- INSTRUCTIONS TO FOLLOW -
The output should be the listing below, limited to the lines from the one with "이날은 성큼 다가온 추위에" through the one with "柔らかな花びらの質感を見事に", exact and without pictures.

- THE DATA -
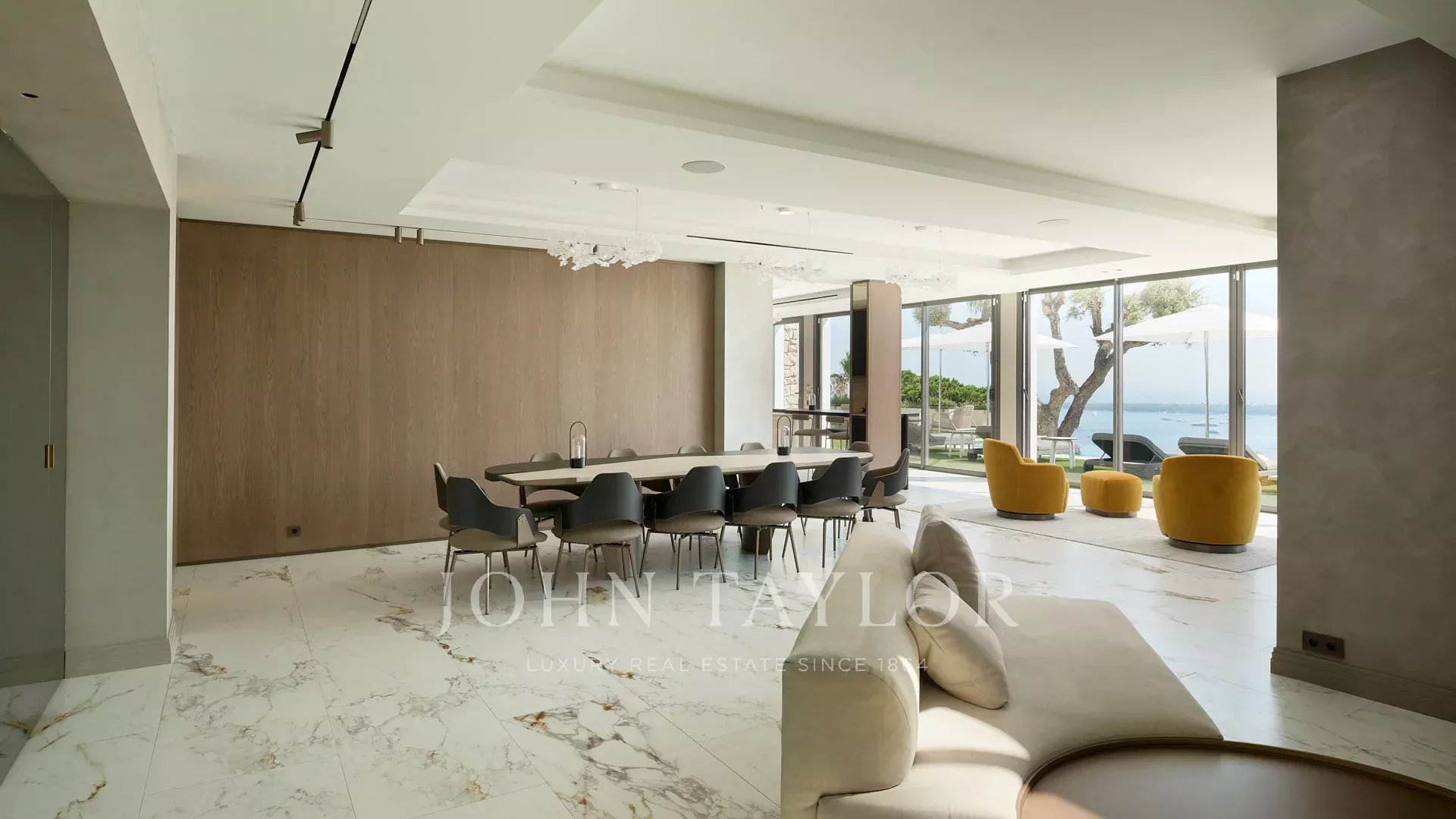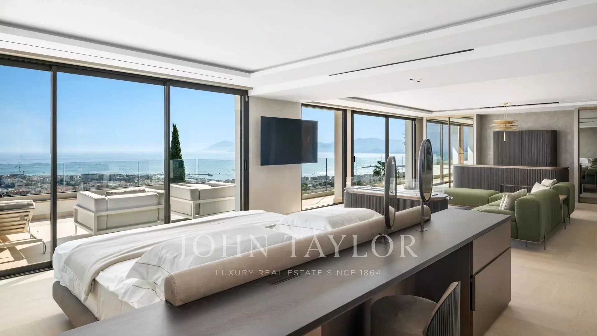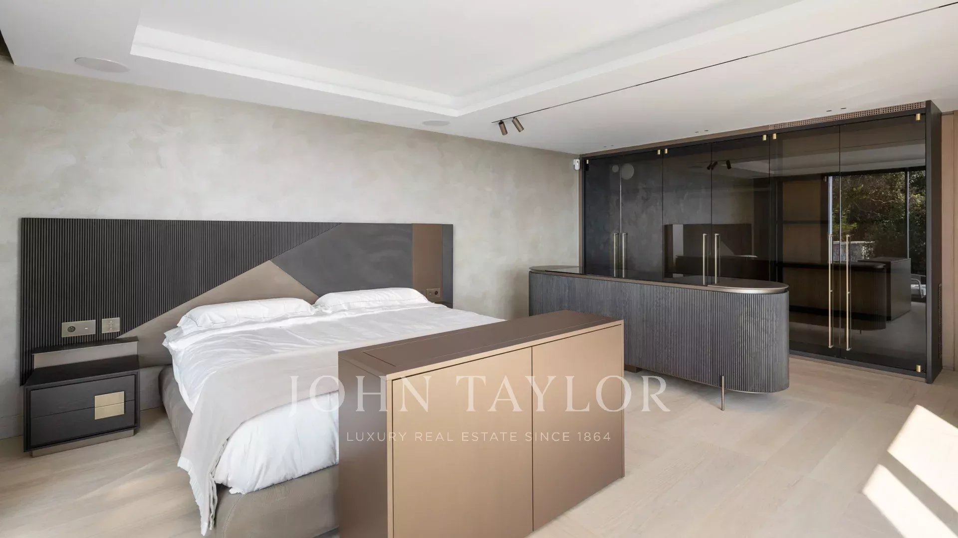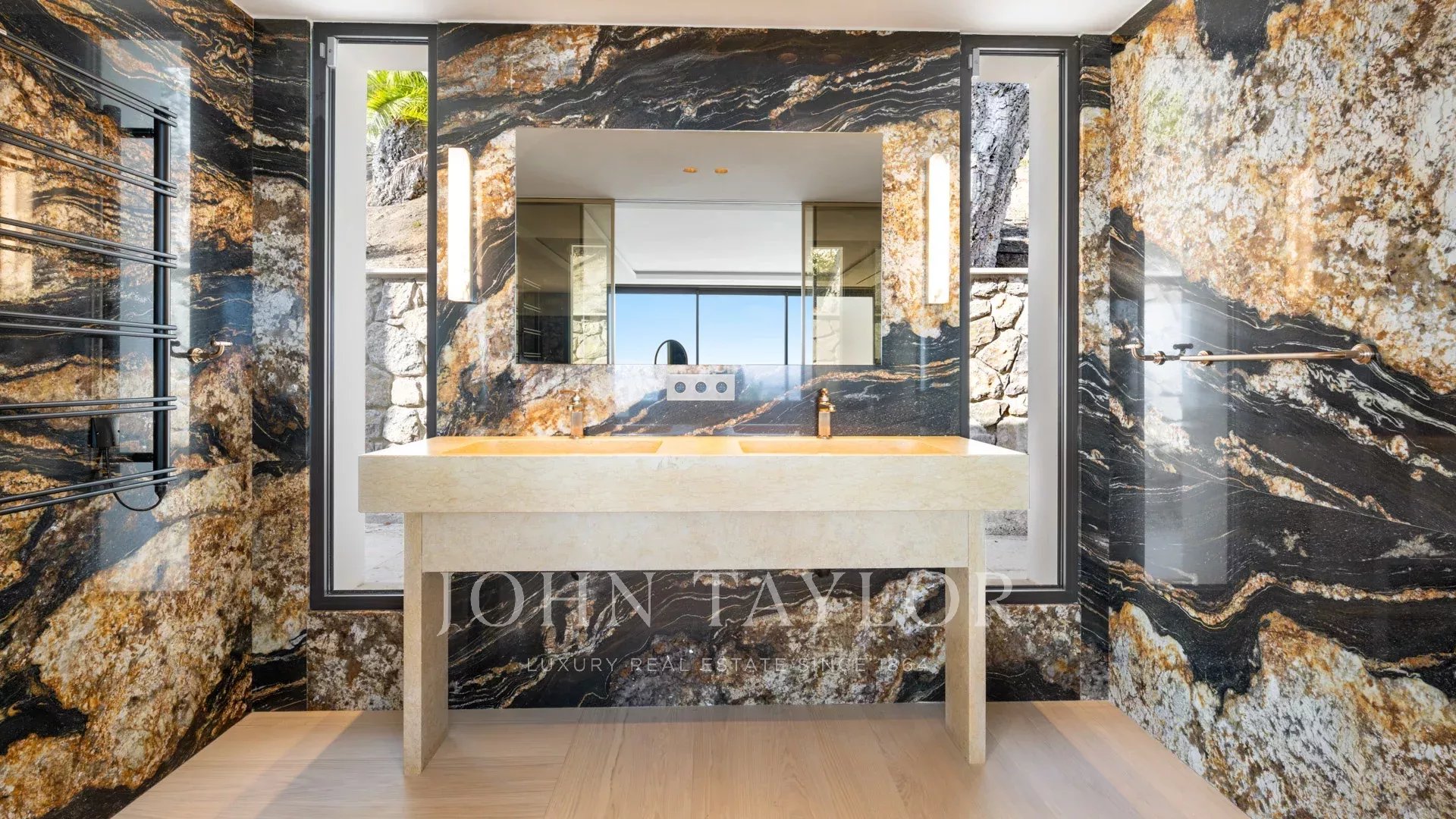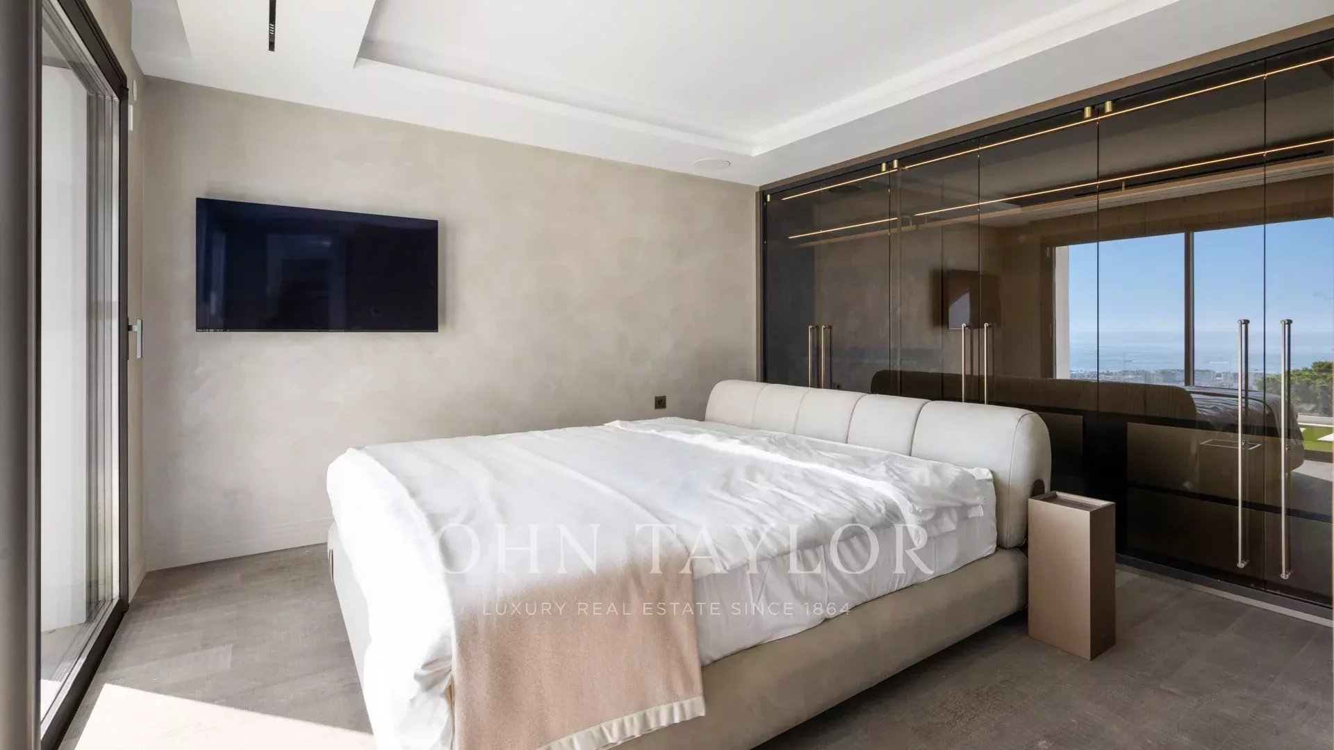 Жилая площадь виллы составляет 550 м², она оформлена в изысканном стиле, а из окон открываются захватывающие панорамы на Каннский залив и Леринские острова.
==
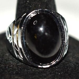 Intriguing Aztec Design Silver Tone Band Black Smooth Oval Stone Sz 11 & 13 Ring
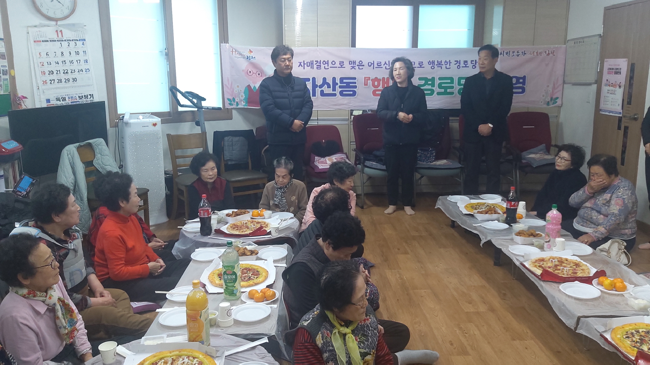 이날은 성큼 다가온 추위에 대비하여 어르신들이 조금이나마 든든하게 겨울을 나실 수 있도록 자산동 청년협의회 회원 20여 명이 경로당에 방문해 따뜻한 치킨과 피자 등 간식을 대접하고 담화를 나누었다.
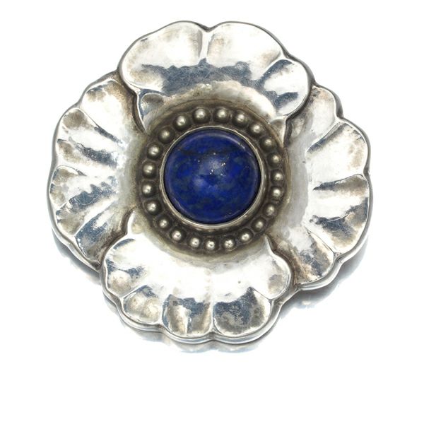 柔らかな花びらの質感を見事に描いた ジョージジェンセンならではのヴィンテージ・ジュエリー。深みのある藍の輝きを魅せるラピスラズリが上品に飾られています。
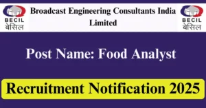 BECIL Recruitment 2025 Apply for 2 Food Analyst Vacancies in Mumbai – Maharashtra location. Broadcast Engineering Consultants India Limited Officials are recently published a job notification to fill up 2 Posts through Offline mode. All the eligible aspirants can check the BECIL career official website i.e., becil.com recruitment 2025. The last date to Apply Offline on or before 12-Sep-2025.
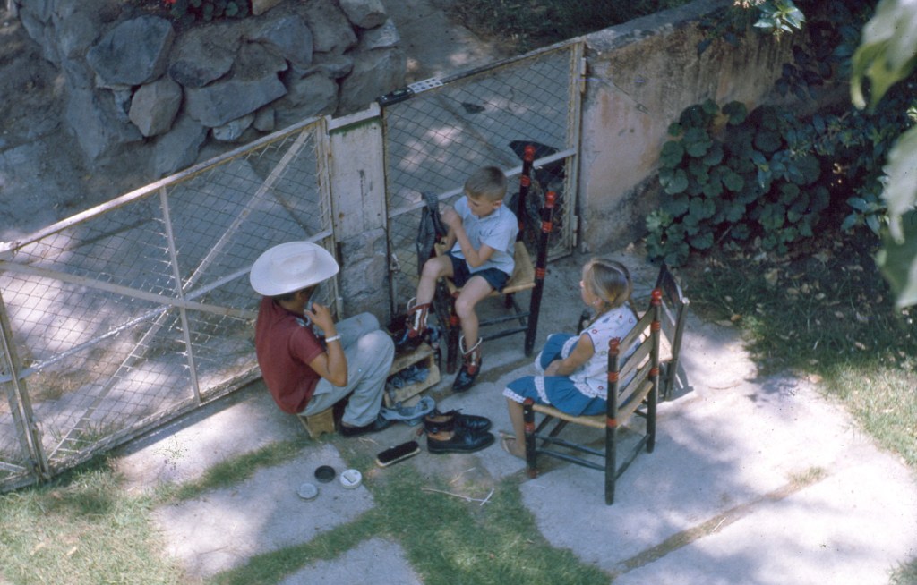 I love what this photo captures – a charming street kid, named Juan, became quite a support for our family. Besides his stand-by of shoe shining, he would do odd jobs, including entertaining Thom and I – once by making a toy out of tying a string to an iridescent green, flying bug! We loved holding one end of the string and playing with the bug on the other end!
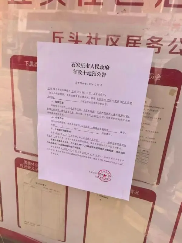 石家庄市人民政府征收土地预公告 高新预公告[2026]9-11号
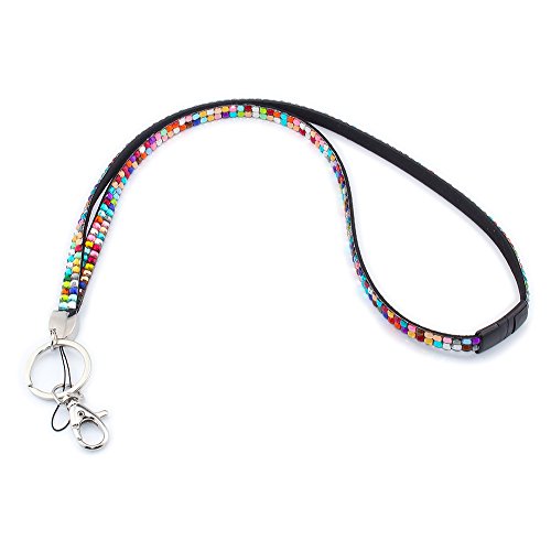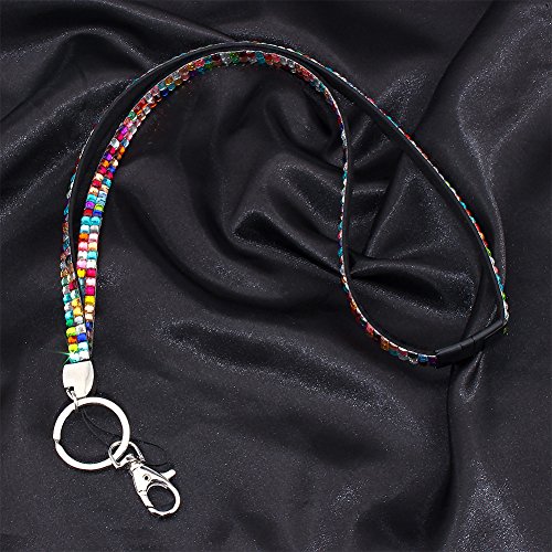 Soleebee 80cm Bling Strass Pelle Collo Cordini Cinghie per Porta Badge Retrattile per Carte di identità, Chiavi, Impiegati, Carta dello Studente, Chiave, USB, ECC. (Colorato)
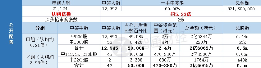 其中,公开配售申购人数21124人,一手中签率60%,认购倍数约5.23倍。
--
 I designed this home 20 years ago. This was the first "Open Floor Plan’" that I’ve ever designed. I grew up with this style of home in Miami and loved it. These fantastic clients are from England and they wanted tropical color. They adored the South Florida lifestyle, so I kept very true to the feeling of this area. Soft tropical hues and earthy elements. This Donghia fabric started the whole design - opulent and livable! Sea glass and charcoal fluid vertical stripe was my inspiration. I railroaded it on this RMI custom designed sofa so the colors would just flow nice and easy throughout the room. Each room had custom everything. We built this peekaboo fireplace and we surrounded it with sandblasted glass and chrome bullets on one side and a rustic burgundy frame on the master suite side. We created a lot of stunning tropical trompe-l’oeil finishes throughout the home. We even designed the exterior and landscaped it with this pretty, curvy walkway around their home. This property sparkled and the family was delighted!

- EXERCISE RESPONSE -
 이날은 성큼 다가온 추위에 대비하여 어르신들이 조금이나마 든든하게 겨울을 나실 수 있도록 자산동 청년협의회 회원 20여 명이 경로당에 방문해 따뜻한 치킨과 피자 등 간식을 대접하고 담화를 나누었다.
 柔らかな花びらの質感を見事に描いた ジョージジェンセンならではのヴィンテージ・ジュエリー。深みのある藍の輝きを魅せるラピスラズリが上品に飾られています。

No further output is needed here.